___ Supplied information ___

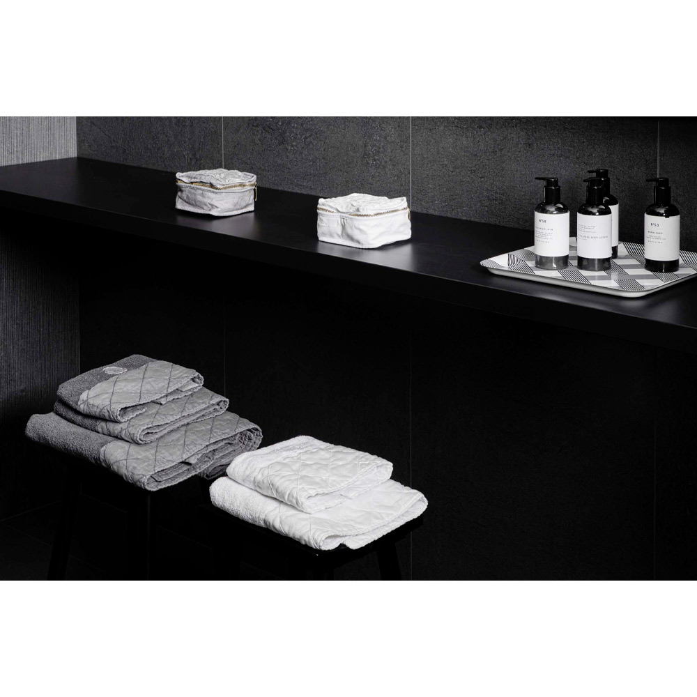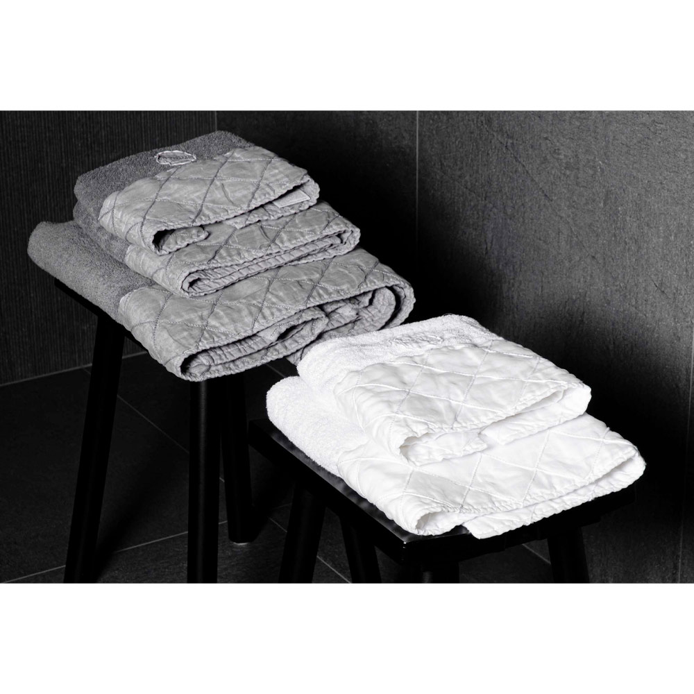 Valoarea tradiției se alătură stilului de viață modern cu prosopul de față din bumbac alb, cu decor geometric .
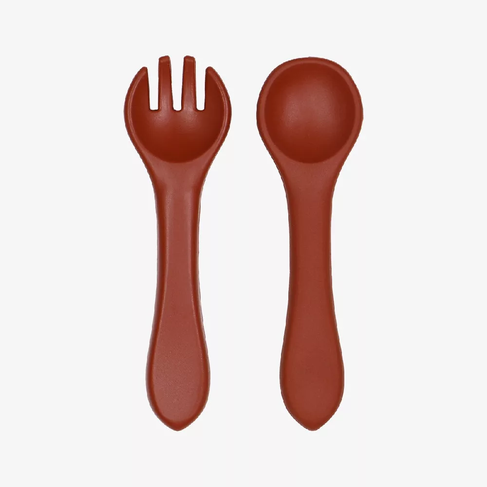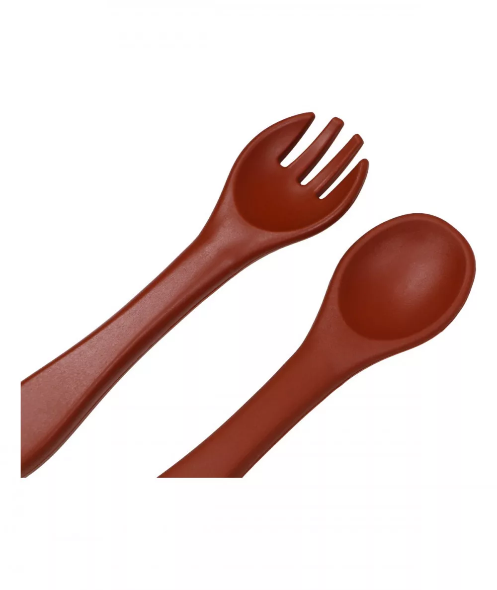 Tryco - szilikon evőeszköz készlet bordó kanál és villa. Biztosán segít gyermekünknek megismerkedni az evőeszközök használatával. Puha anyagával és lekerekített formájával garantáltan nem sérteni meg kisbabánkat. Intenzív színe pedig biztos fel fogja kelteni gyermekünk érdeklődését.
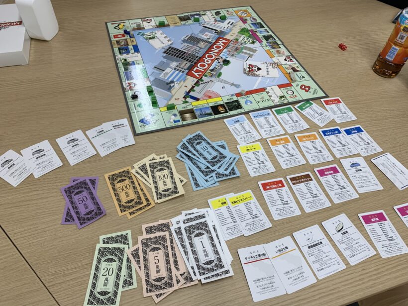 サイコロ2つ振って、すごろくを進めていく。すごろくの盤面には、会社の名前が並んでいてそのマスに止まると手持ちのお金で買うか選べる。そんな感じ。

___

■ Exercise prompt ■
In your copy of the material, match every word exactly and include no pictures.

■ Solution for this task ■
 Valoarea tradiției se alătură stilului de viață modern cu prosopul de față din bumbac alb, cu decor geometric .
 Tryco - szilikon evőeszköz készlet bordó kanál és villa. Biztosán segít gyermekünknek megismerkedni az evőeszközök használatával. Puha anyagával és lekerekített formájával garantáltan nem sérteni meg kisbabánkat. Intenzív színe pedig biztos fel fogja kelteni gyermekünk érdeklődését.
 サイコロ2つ振って、すごろくを進めていく。すごろくの盤面には、会社の名前が並んでいてそのマスに止まると手持ちのお金で買うか選べる。そんな感じ。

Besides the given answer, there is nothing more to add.